Two more registers were added by 1812, as a cost estimate from 1812 shows, namely a vox humana 8 'and a trombone bass 16'. Further alterations, also of a sound nature, were carried out around 1816 by the Stadtroda organ builder family Poppe . The Altenburg company Heinrich Hegermann replaced the keyboard around 1913 . There were also changes to the disposition. At the turning point of the First World War in 1917 , the tin organ pipes had to be handed over to the armaments industry .

Leipzig

In the 1970s, the organ, which had been in poor condition for decades, was sold for 500 marks on the initiative of the Tegkwitz pastor Klaubert. His concern was the church organ before advancing lignite - opencast mine to protect. It was stored in the Nathanael Church in Leipzig-Lindenau until the fall of the Wall .

Halle (Saale)

In 1993 the Handel House acquired the Wall Organ. The head of the restoration studio Roland Hentzschel and his team carried out extensive work from 1993 to 1996. He was supported by the organ builders Hartmut Schütz and Reinhard Schäbitz from Dresden. The Handel House received financial support from the city of Halle, the state of Saxony-Anhalt and the federal government. The previously missing bellows and the organ bench were subsequently bought in Tegkwitz .

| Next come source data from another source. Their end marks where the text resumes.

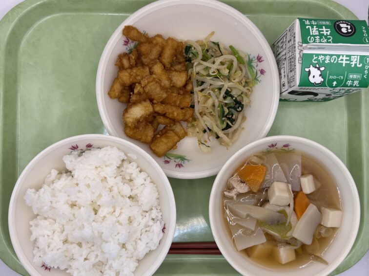 今日はいかについてのお話です。いかには、スルメイカやアオリイカ、ヤリイカ等様々な種類があります。今日の給食に使用しているアオリイカはタンパク質が豊富で低脂質です。消化吸収もよく、疲労回復効果やコレステロールを低下させる働きがあります。高血圧や心臓病予防にも効果が期待できます。かみ応えもあるかみかみ食材で、早食い防止になり肥満予防にもつながります。よくかんで食べましょう!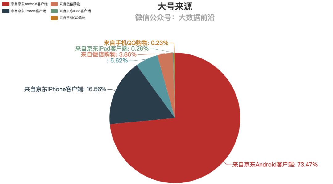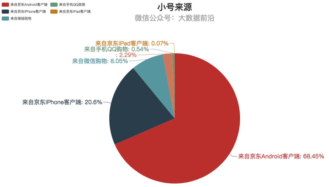 总的来说,还是从京东App购买的用户最多,但也可以看到,有8%的用户是在微信平台上进行交易,这已经是一个不小的数字了。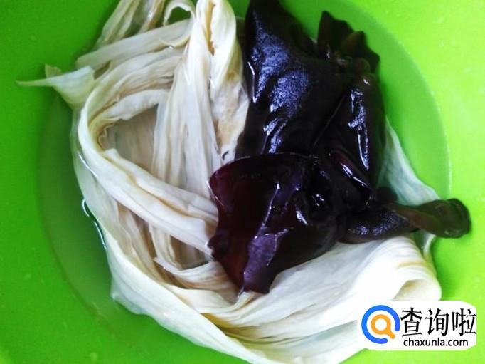 腐竹、木耳放到水里泡发30分钟左右。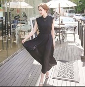 ふんわりシフォンのドレープが美しいロング丈ワンピース。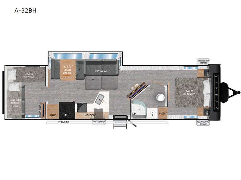 The largest of the Avenir line offers sleeping for a large group with a private bunkhouse in back featuring a bunk over a jackknife sofa and a second set of bunks sleeping five total in this space. There is also a dresser for storage opposite the sofa with TV prep above it. In the main combined kitchen and living room you will enjoy added space thanks to a large slide out 42" x 76" booth dinette and Lux Lounge which can both be converted to extra sleeping space if needed. An angled interior wall from the bathroom is where you will view the fireplace. Opposite the slide is your kitchen area where you can easily create meals and snacks just like home. You will find a large pantry, refrigerator, three burner cooktop and large sink for cleaning up. There is also a microwave oven and overhead storage for all of your dishes. An outside refrigerator under the 18' awning allows you to keep drinks and cold snacks readily available when spending time outside. A full bath with radius shower will keep everyone feeling clean and fresh, and the private front bedroom offers a queen bed, dual nightstands and storage with a full pass-through on the outside beneath the head of the bed for all of your outdoor gear.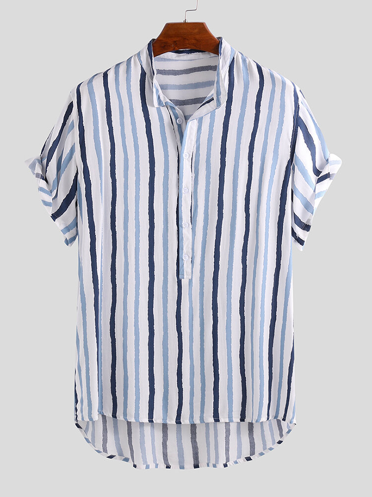: CharmkprSleeve Length: Short SleeveItem Type: ShirtsPattern Type: FloralGender: MenFit Type: LooseStyle: Casual, Hawaiian Style, Home, LeisureThickness: ThinCollar: Stand CollarSeason: Spring, SummerMaterial: 100% RayonOccasion: Leisure, Homedress, Beach, Traveling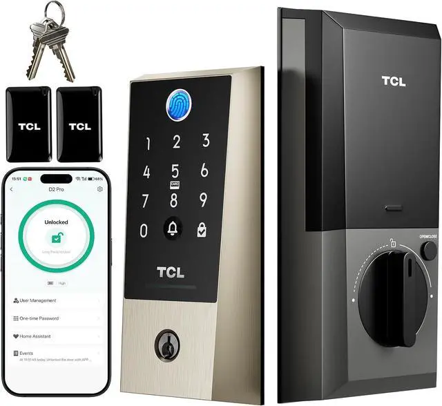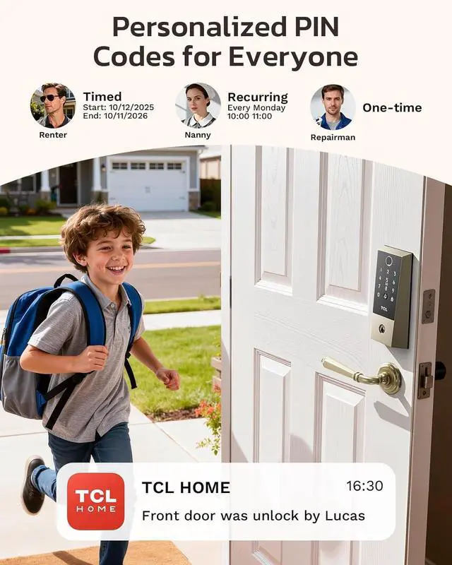 Hub-Free Wi-Fi with TCL Home App: Connect directly to your home Wi-Fi without the need for a separate hub. Use the TCL Home app for remote access and control, and receive instant notifications for all access events and doorbell rings, no matter where you are.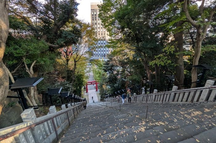 愛宕神社へ至る出世の石段です。傾斜角度は40度、全部で86段あります。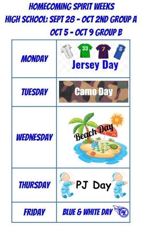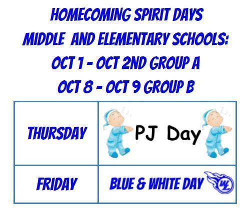 West Liberty Middle and Elementary Schools Spirit Days will be October 1st and 2nd for Group A students and October 8th and 9th for Group B students! Go Comets!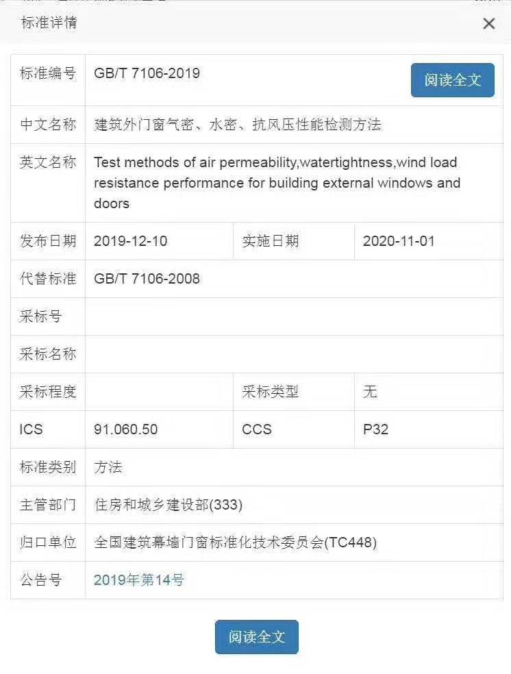 GB/T 7106-2019《建筑門(mén)窗氣密、水密、抗風(fēng)壓性能檢測(cè)方法》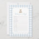 Laden Sie Freunde und Familie ein, ihre Wünsche für das Baby auf dieser eleganten blauen Gingham-Teddybär-Babyshower-Spielkarte zu notieren.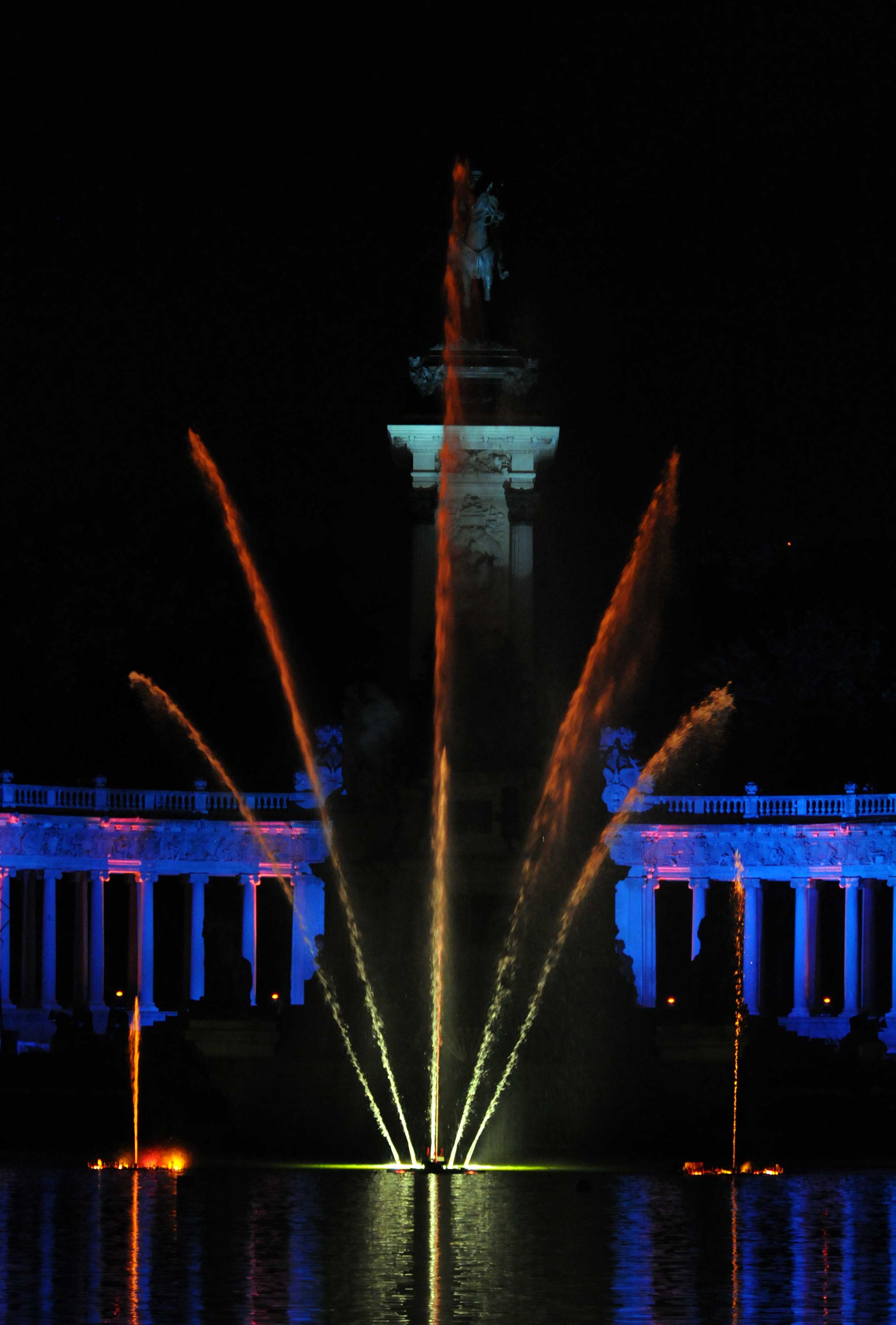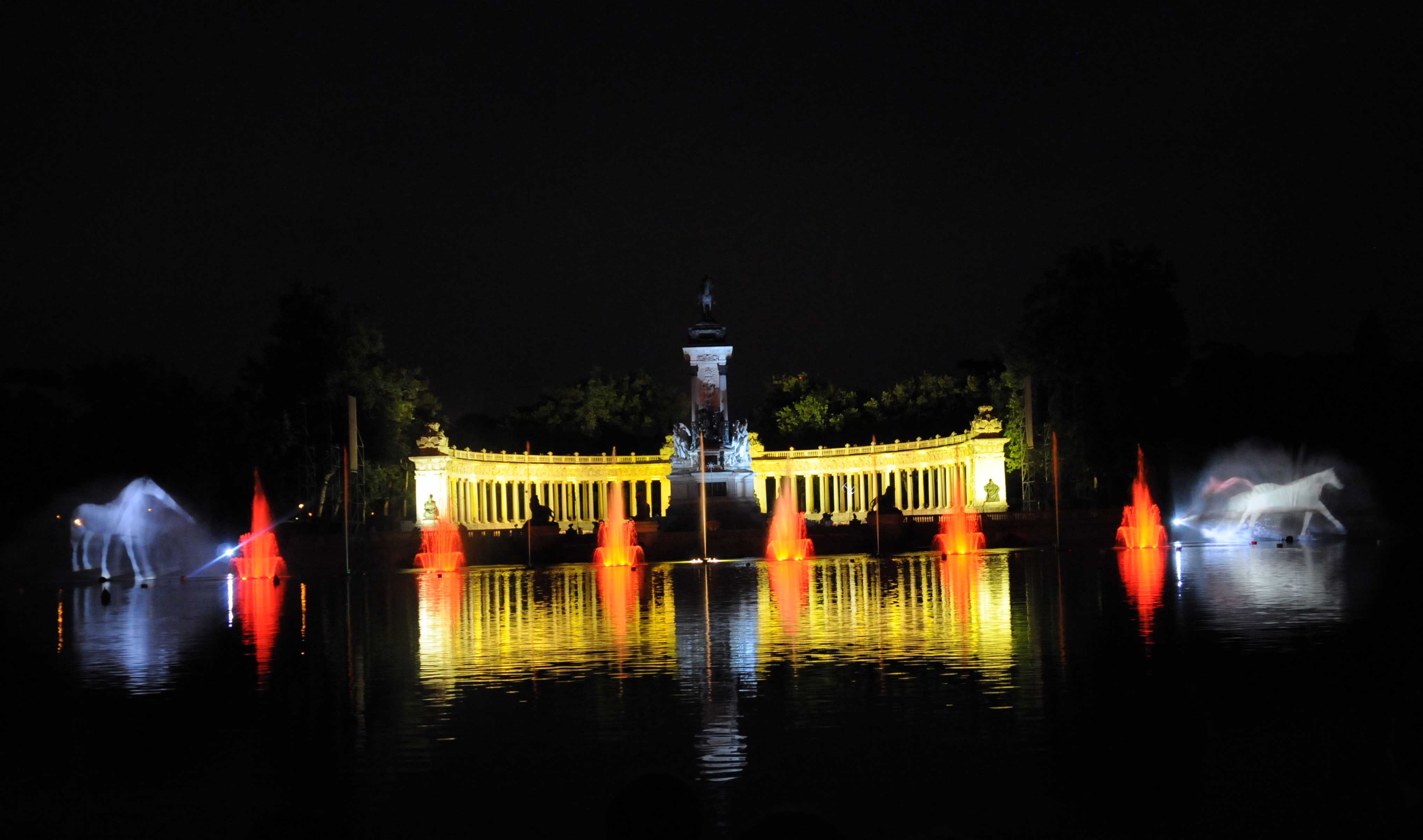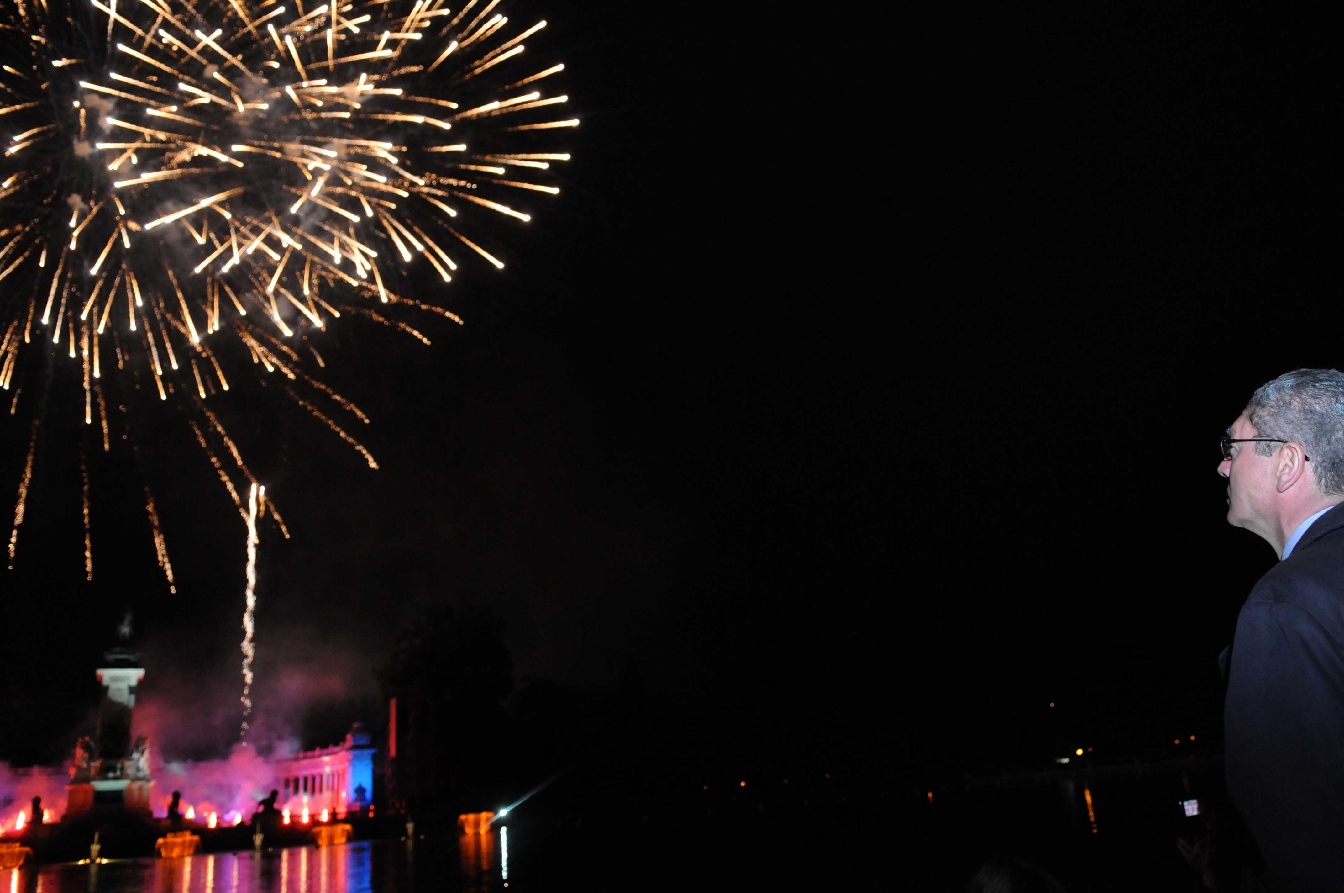 El estanque de El Retiro fue el escenario de un espectáculo de pirotecnia, luz y agua.

The organ with the inventory number MS-639 has been set up in an extension of the Handel House since 2003 and is one of the most important and largest exhibits in the musical instrument collection. Thematically, it can be classified alongside the organ positives .

Technical specifications

The wall organ is comparatively small in size, but 5.5 meters high. It has nine registers on the manual and three registers on the pedal, which corresponds to the original disposition . The pitch a 1 is 466 Hz ( chorus ) at 18 ° C. The mood is well-tempered according to Georg Andreas Sorge (1764).

Manual CD-c³
Rough act 8th'
Quintadhana 8th'
Principal 4 ′
Gedacte Flaud 4 ′
Quinta 3 ′
octave 2 ′
Sifflaud 1'
Coned III
Mixture IV 1 ′ (C eg c¹)
Pedal CD – c¹
Sup bass 16 ′
Violong bass 8th'
Trombone bass 16 ′

literature

  • Felix Friedrich , Vitus Froesch: Organs in Saxony-Anhalt. A travel guide (= publication by the Society of Organ Friends . 268). Kamprad, Altenburg 2014, ISBN 978-3-930550-79-1 , pp. 72-75, 236.
  • Christiane Reiche: Historical musical instruments in the Handel House. Guide to the exhibitions. Handel House, Halle an der Saale 2006, ISBN 3-910019-22-6 , pp. 78–80.